Tamas Foldesi*, Balazs Volk and Matyas Milen Pages 729 - 754 ( 26 )
Background: 2,3-Benzodiazepines represent an important class of biologically active compounds, some members of this family have reached the human clinical stage. With formal bioisosteric replacement of the benzene ring to five-membered nitrogen heterocycles, several new diazepine and 1,2,5-triazepine derivatives have been synthesized in the past 30 years.
Objective: Investigations in the field of heterocyclic chemistry is very important, because there could be several new medicines among the newly synthesized heterocyclic ring systems, which could be used against several diseases which have no remedy yet, for example some types of cancer. The research on antibacterial compounds is also an important field because of spreading of multiresistant pathogens. This review aims to summarize the literature of certain 2,3-benzodiazepine analogues.

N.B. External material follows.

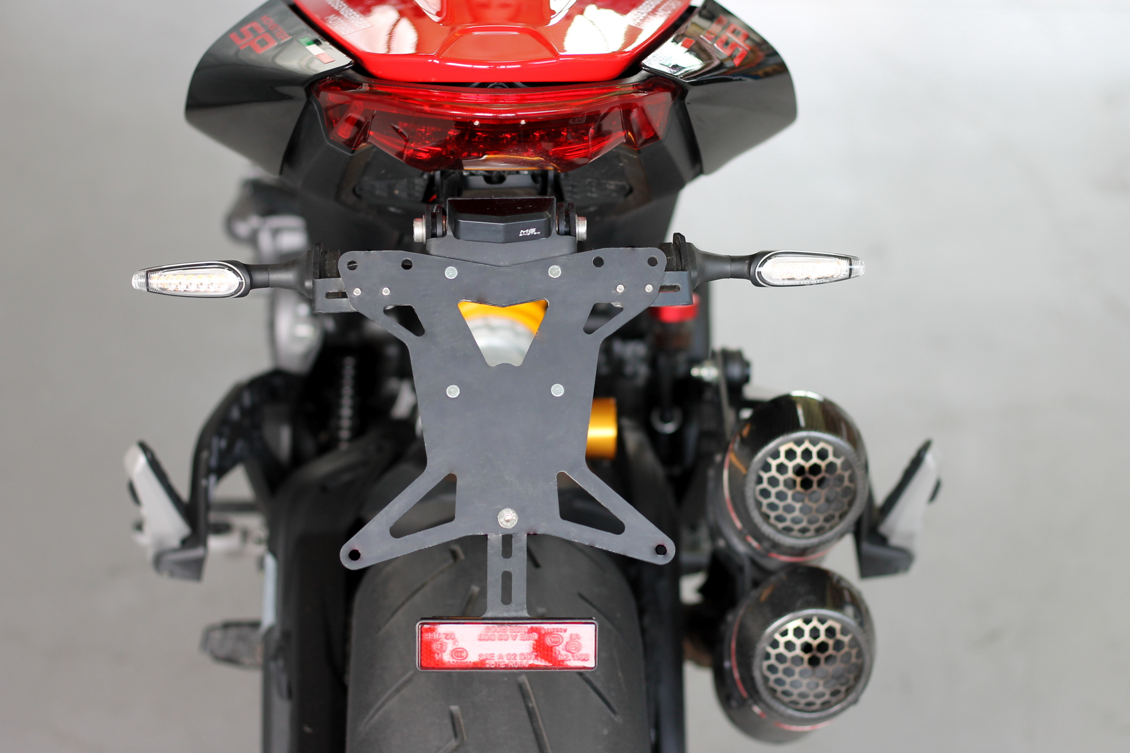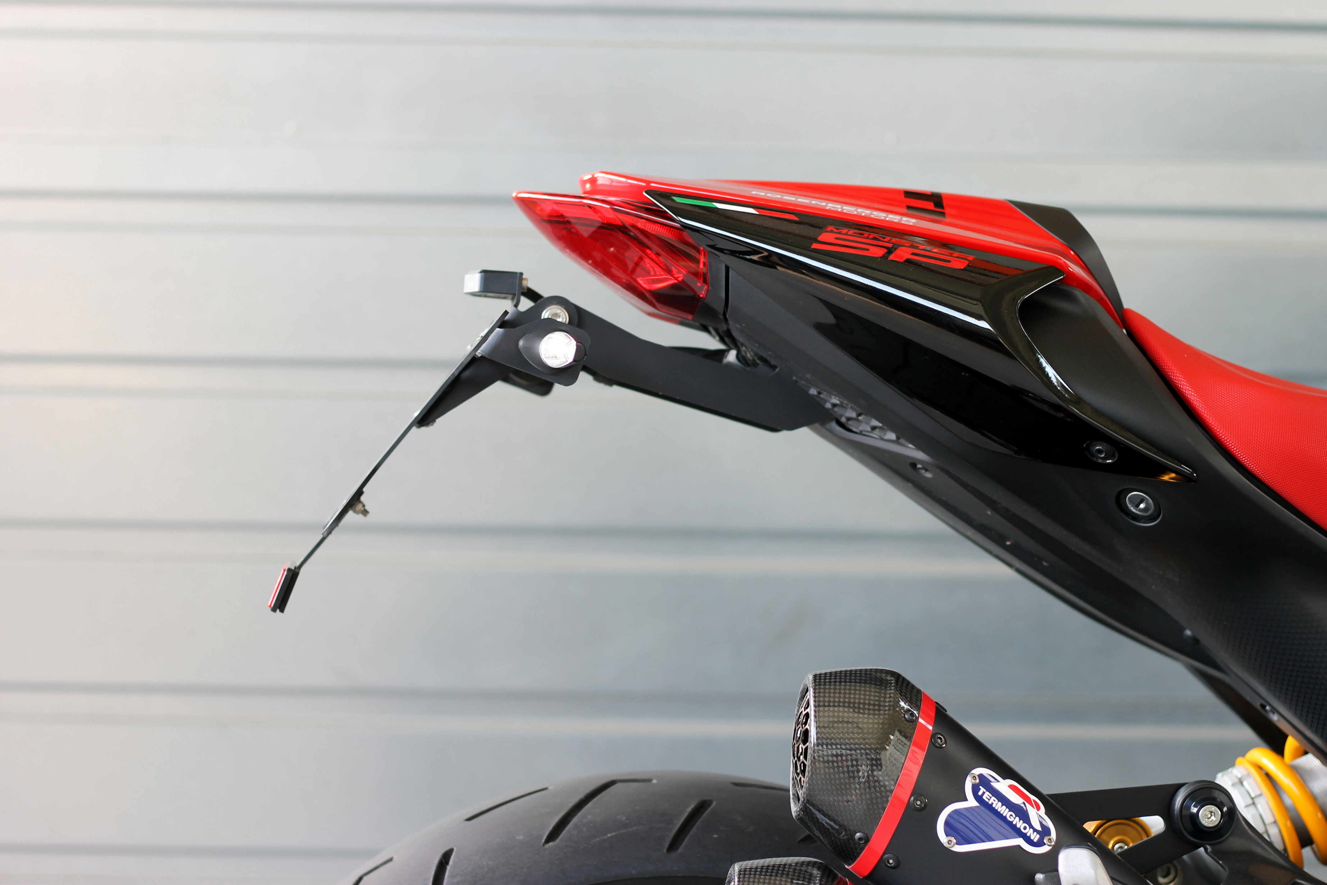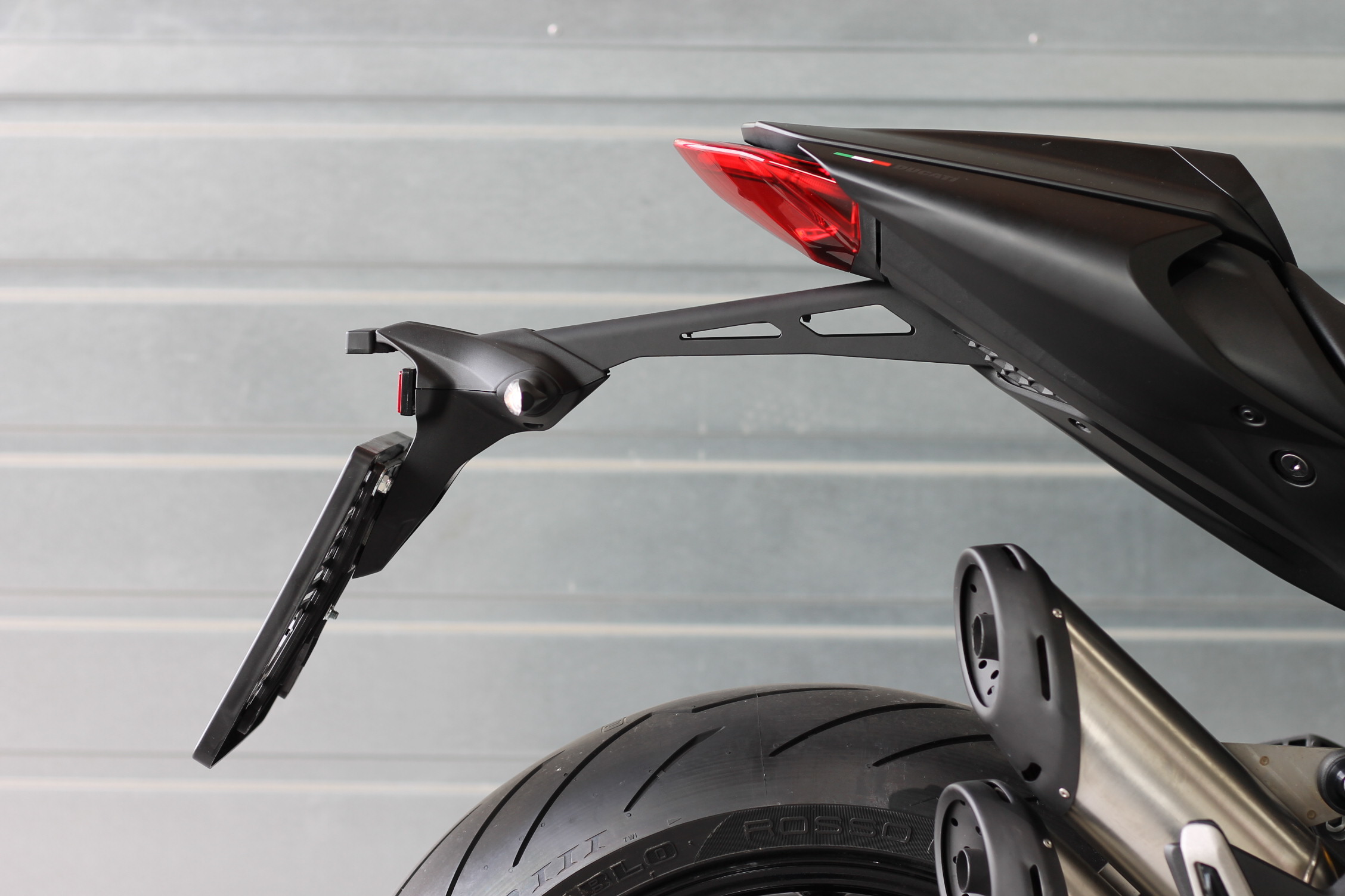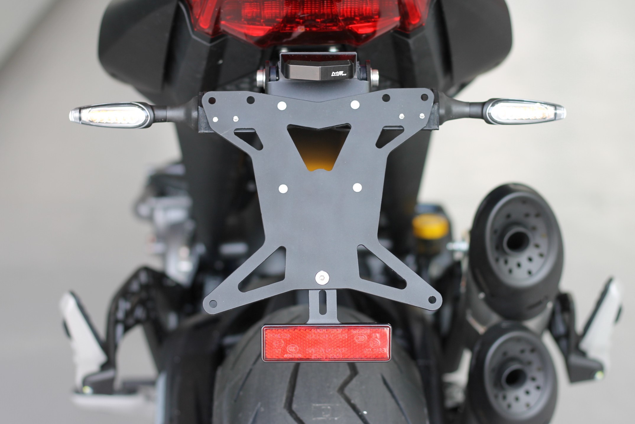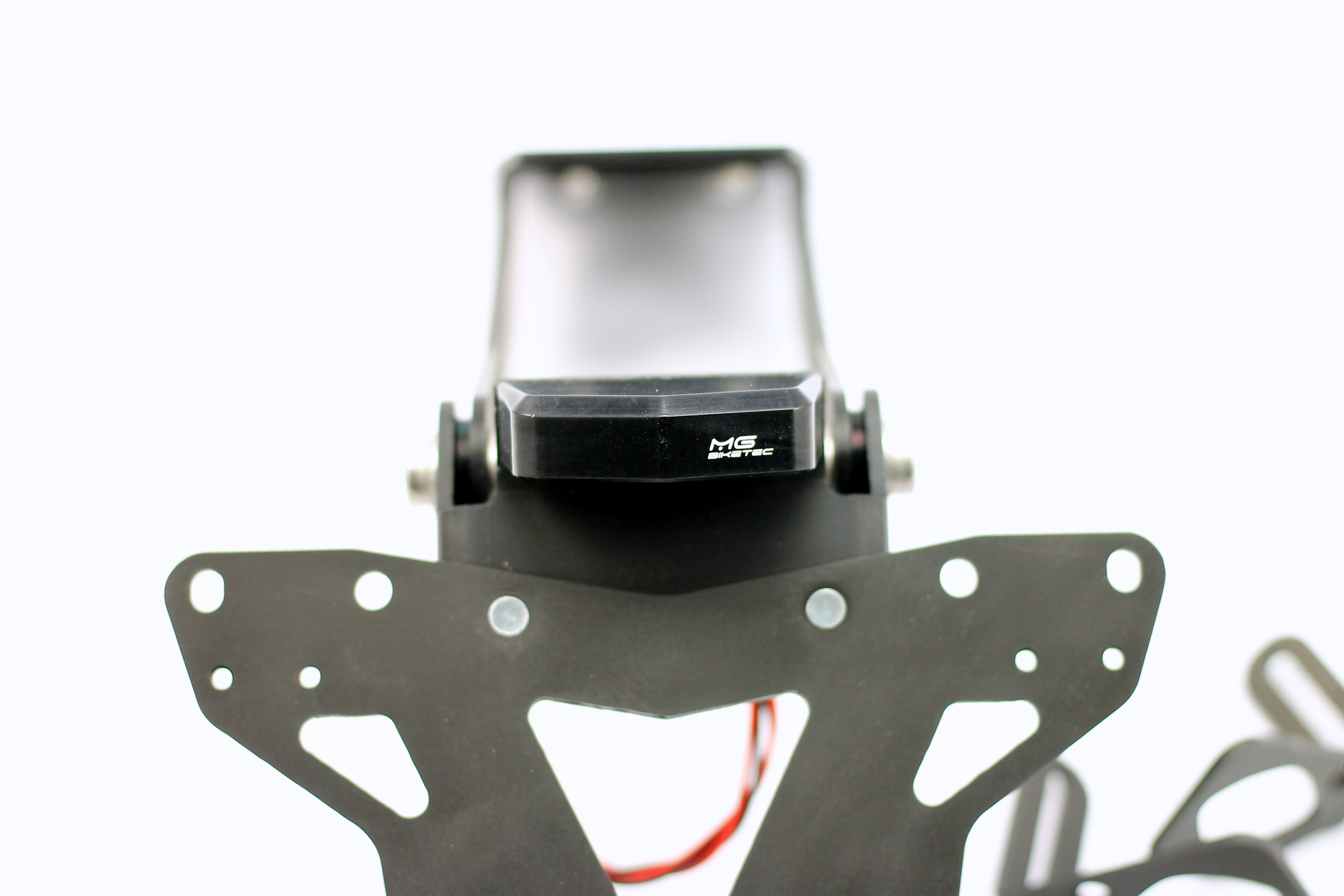 Der MG Biketec Kennzeichenhalter passend für die Ducati Monster / Monster+ 937 (950) ab 2021 überzeugt durch sein durchdachtes Design und hochwertige Verarbeitung. Der kurze, kompakte Kennzeichenträger unterstreicht die sportliche Linie Ihres Motorrads und sorgt für eine klare, aufgeräumte Heckansicht. Gefertigt aus präzise CNC-gefrästem Aluminium und mit einer robusten, matt-schwarz eloxierten Oberfläche versehen, bietet der Halter sowohl optisch als auch funktional eine deutliche Aufwertung. Die Neigung des Nummernschildes sowie die Blinkeraufnahmen sind voll einstellbar, sodass Sie den Kennzeichenhalter individuell an Ihre Bedürfnisse anpassen können. Eine integrierte LED-Kennzeichenbeleuchtung mit ECE-Zulassung sowie ein Reflektor mit ECE-Prüfzeichen sorgen für beste Sichtbarkeit und StVZO-konforme Nutzung. Der Einbau gestaltet sich besonders einfach – es muss lediglich ein Stecker getrennt werden. Zudem stehen verschiedene Halterplattengrößen zur Auswahl, um landesspezifische Anforderungen zu erfüllen, darunter Österreich, Deutschland, Frankreich, Schweiz und weitere Länder.

Conclusion: After a brief historical introduction, various ring systems containing a 2,3-diazepine or a 1,2,5- triazepine ring condensed with five-membered nitrogen heterocycles are disclosed. First, pyrrole-fused compounds are introduced, followed by indole and carbazole derivatives. After that, diverse ring systems containing an imidazole ring are presented. The review is closed with the chemistry of some interesting triazole and tetrazole derivatives. Many of these compounds bear significant biological efficacy.
Acylation, alkylation, biologically active compounds, heterocycles, ring closure, diazepines.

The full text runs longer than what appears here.